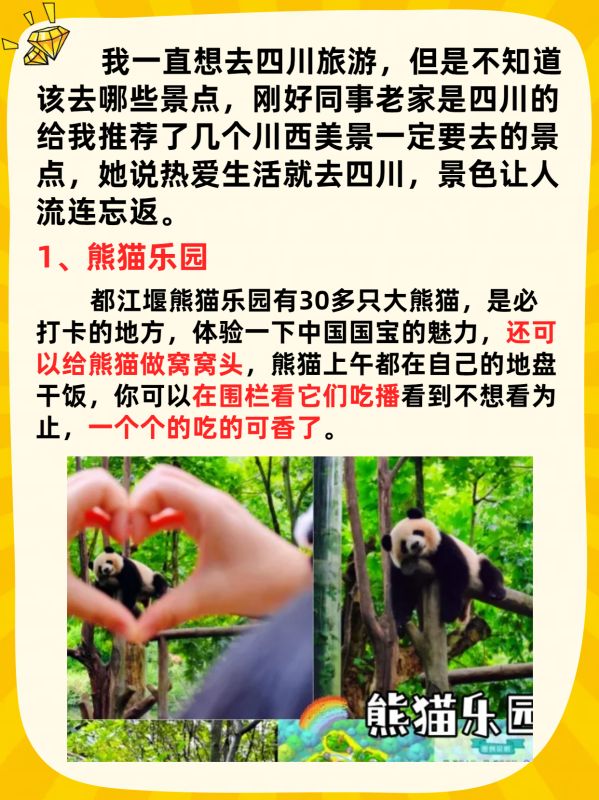 我来介绍四川旅游中的必去景点,让您在这片神奇的土地上尽情畅游。四川以其独特的地理环境和丰富多样的自然景观而闻名于世,让我们一起探索四川的奇迹。
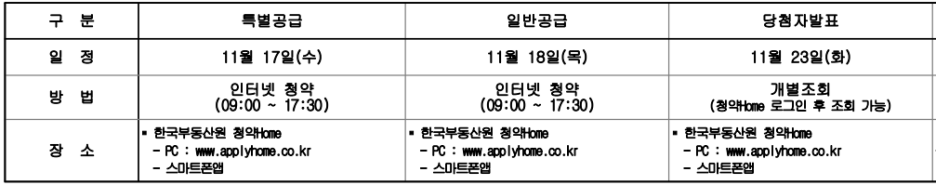 무순위 사후접수 1세대는 11월 17일 청약 신청이 가능하며 계약취소세대 특별공급 신청일은 11월 17일 일반공급 1세대는 11월 18일에 각각 청약홈을 통해서 청약신청할 수 있습니다.
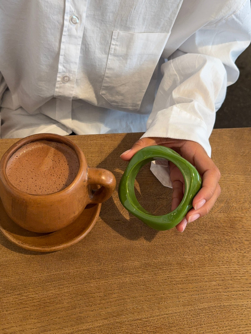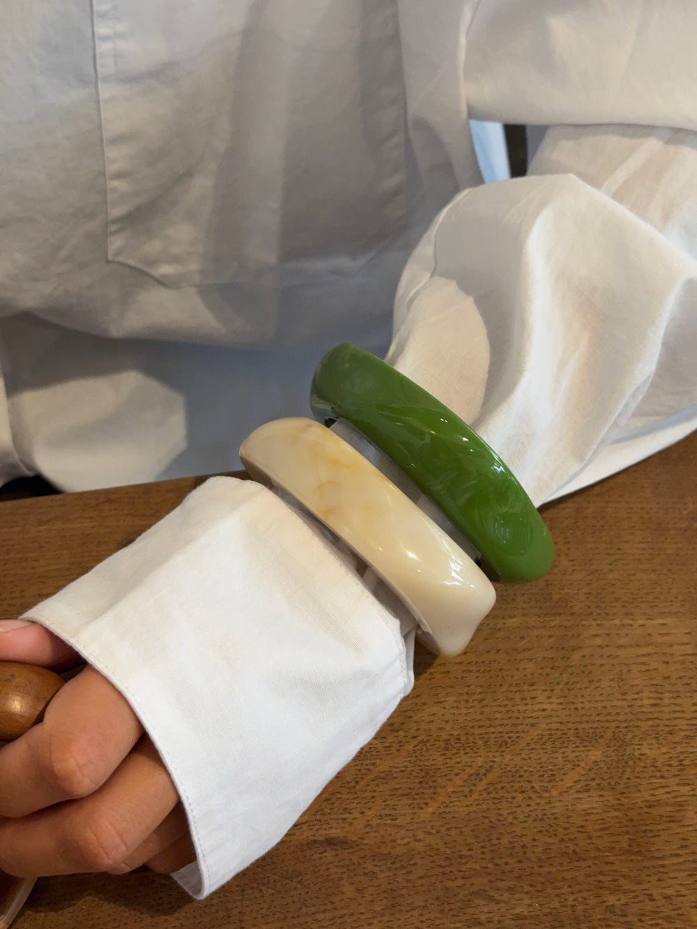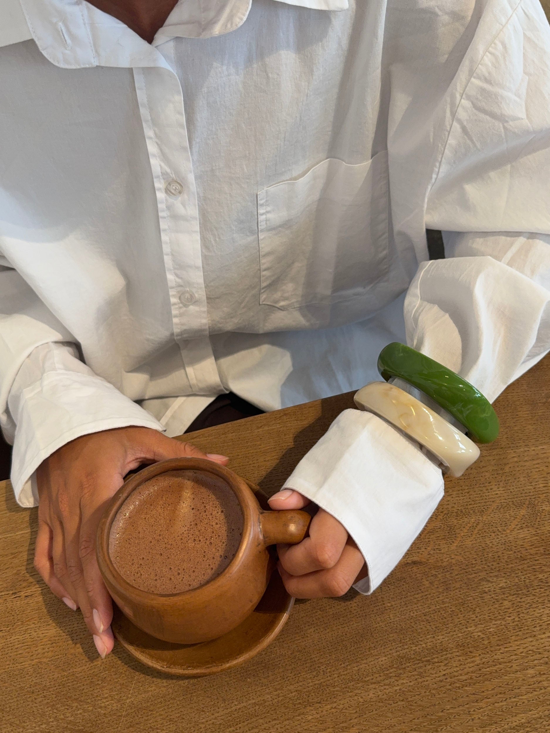 A sculptural and eye-catching bracelet made of glossy, marbled resin in a fresh green hue. The angular, asymmetrical shape adds a modern twist to an otherwise classic statement piece. Perfect on its own or paired with other chunky accessories for a playful, summery look.
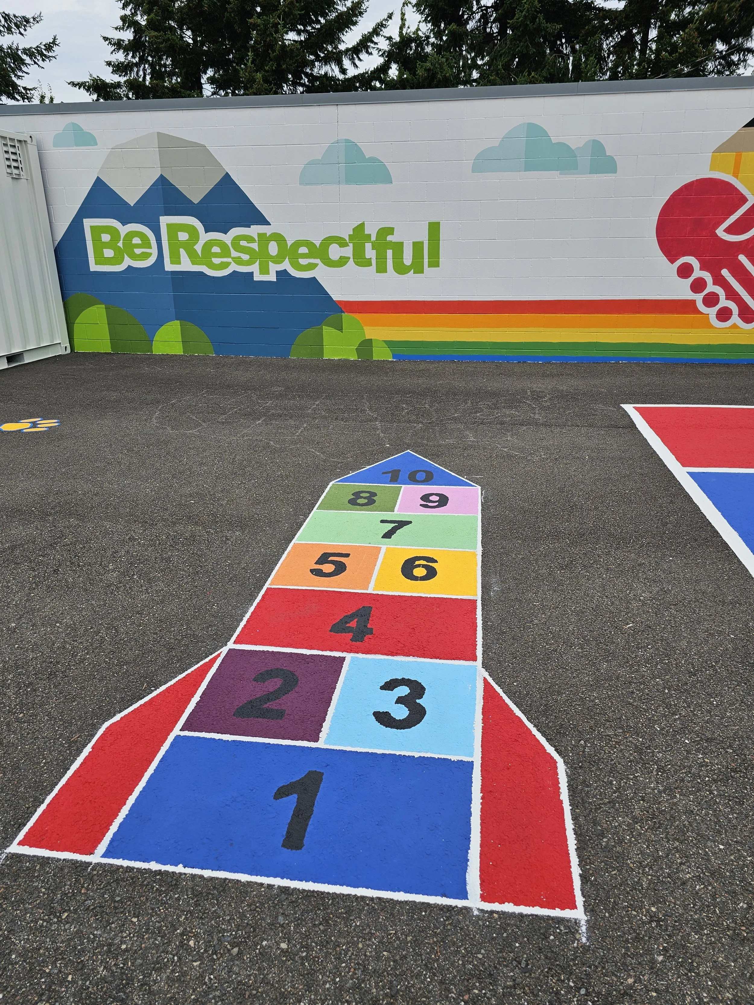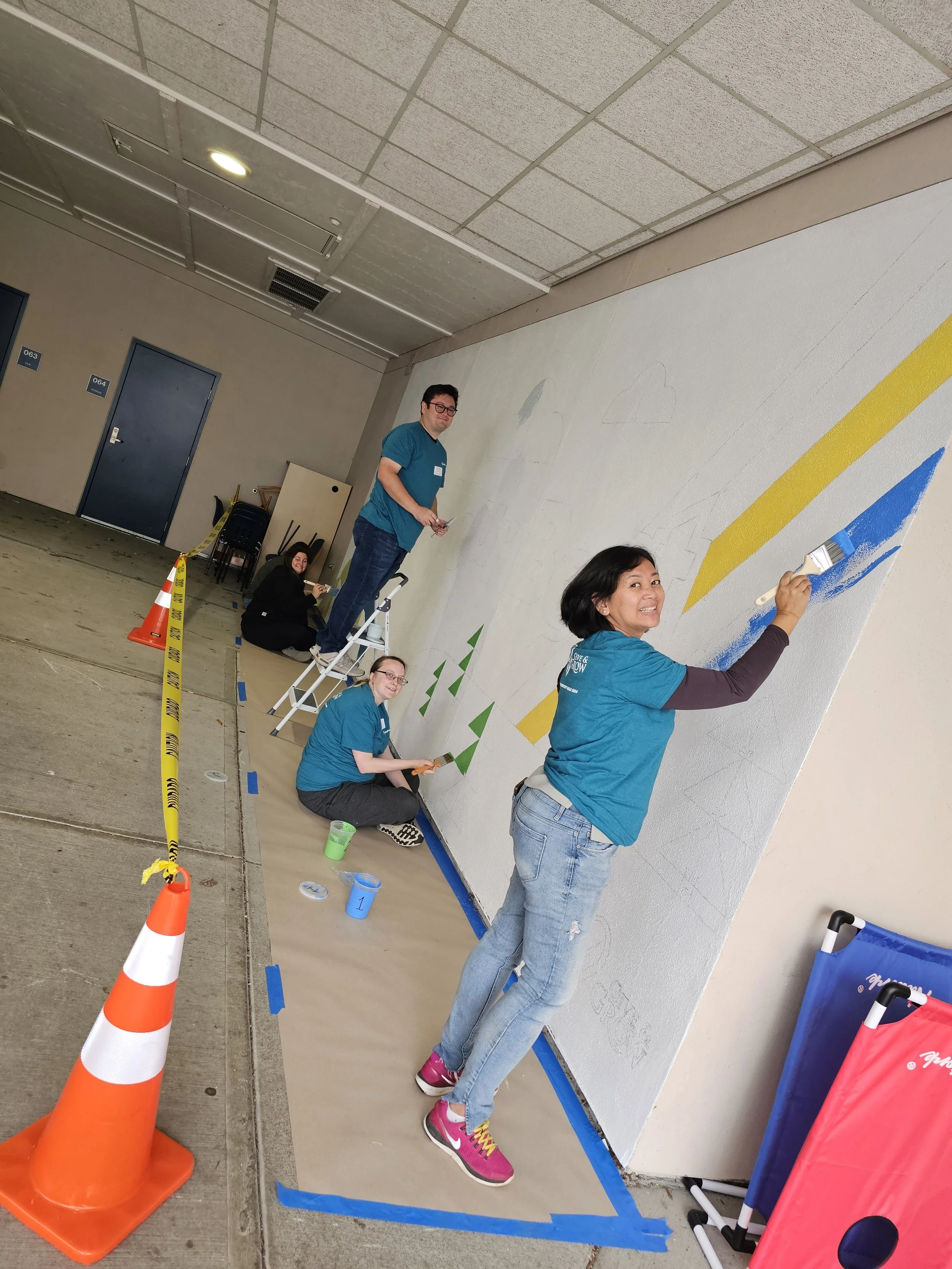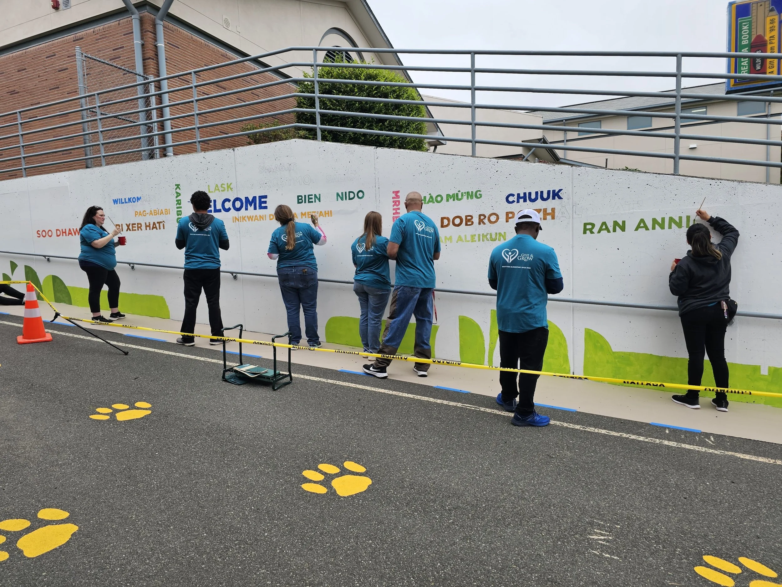 The 2024 Create Event was at Whitter Elementary School. Over 80 employees of Safran Cabin and their family members volunteered to bring bright colors to the playground. The volunteers painted multiple wall murals, the playground sports court, add a rainbow on the playground staircase, and paint a welcome mural in multiple languages.

- Work order -
Would you please repeat the lines above exactly, from the first line of the listing through the line holding "무순위 사후접수 1세대는", with nothing added and no pictures?

- Result of this exercise -
 我来介绍四川旅游中的必去景点,让您在这片神奇的土地上尽情畅游。四川以其独特的地理环境和丰富多样的自然景观而闻名于世,让我们一起探索四川的奇迹。
 무순위 사후접수 1세대는 11월 17일 청약 신청이 가능하며 계약취소세대 특별공급 신청일은 11월 17일 일반공급 1세대는 11월 18일에 각각 청약홈을 통해서 청약신청할 수 있습니다.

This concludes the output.